● **GOAL OF THE EXERCISE**
Retype, exactly and completely, the listing that comes next, skipping its images.

● **RECORDED DATA**
=== Section Start ===

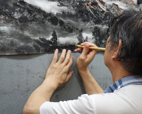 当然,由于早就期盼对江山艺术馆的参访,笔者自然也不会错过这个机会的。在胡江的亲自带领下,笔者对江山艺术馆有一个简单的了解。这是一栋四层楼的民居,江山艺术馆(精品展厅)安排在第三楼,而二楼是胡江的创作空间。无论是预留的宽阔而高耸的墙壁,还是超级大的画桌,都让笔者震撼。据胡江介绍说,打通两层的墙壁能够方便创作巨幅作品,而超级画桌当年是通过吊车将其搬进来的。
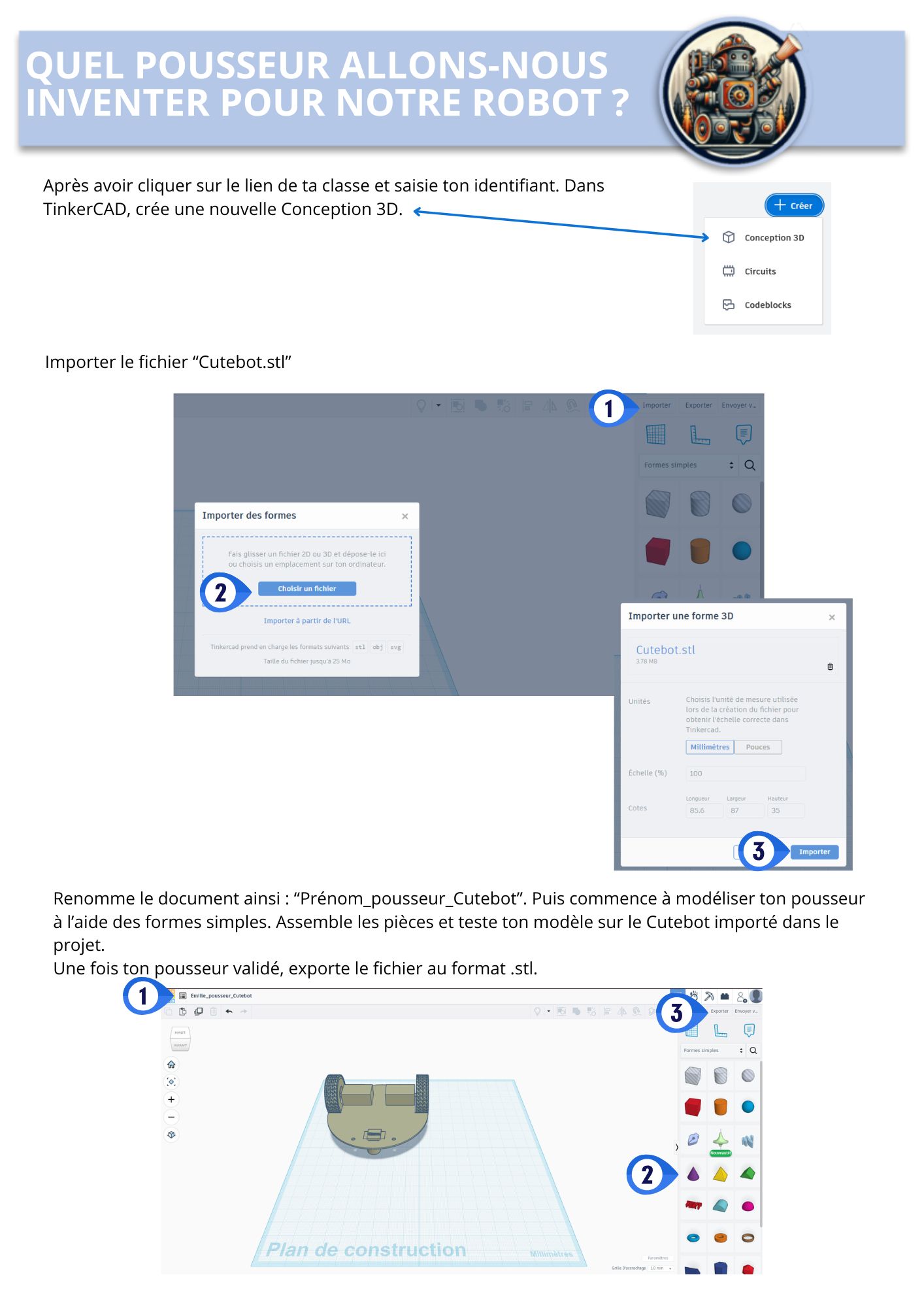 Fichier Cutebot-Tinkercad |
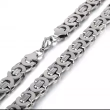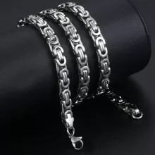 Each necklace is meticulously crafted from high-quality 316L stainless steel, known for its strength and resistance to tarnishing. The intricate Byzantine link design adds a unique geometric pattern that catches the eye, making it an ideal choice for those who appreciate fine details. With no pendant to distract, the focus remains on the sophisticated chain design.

=== Section End ===

● **RESPONSE AREA**
 当然,由于早就期盼对江山艺术馆的参访,笔者自然也不会错过这个机会的。在胡江的亲自带领下,笔者对江山艺术馆有一个简单的了解。这是一栋四层楼的民居,江山艺术馆(精品展厅)安排在第三楼,而二楼是胡江的创作空间。无论是预留的宽阔而高耸的墙壁,还是超级大的画桌,都让笔者震撼。据胡江介绍说,打通两层的墙壁能够方便创作巨幅作品,而超级画桌当年是通过吊车将其搬进来的。
 Fichier Cutebot-Tinkercad |
 Each necklace is meticulously crafted from high-quality 316L stainless steel, known for its strength and resistance to tarnishing. The intricate Byzantine link design adds a unique geometric pattern that catches the eye, making it an ideal choice for those who appreciate fine details. With no pendant to distract, the focus remains on the sophisticated chain design.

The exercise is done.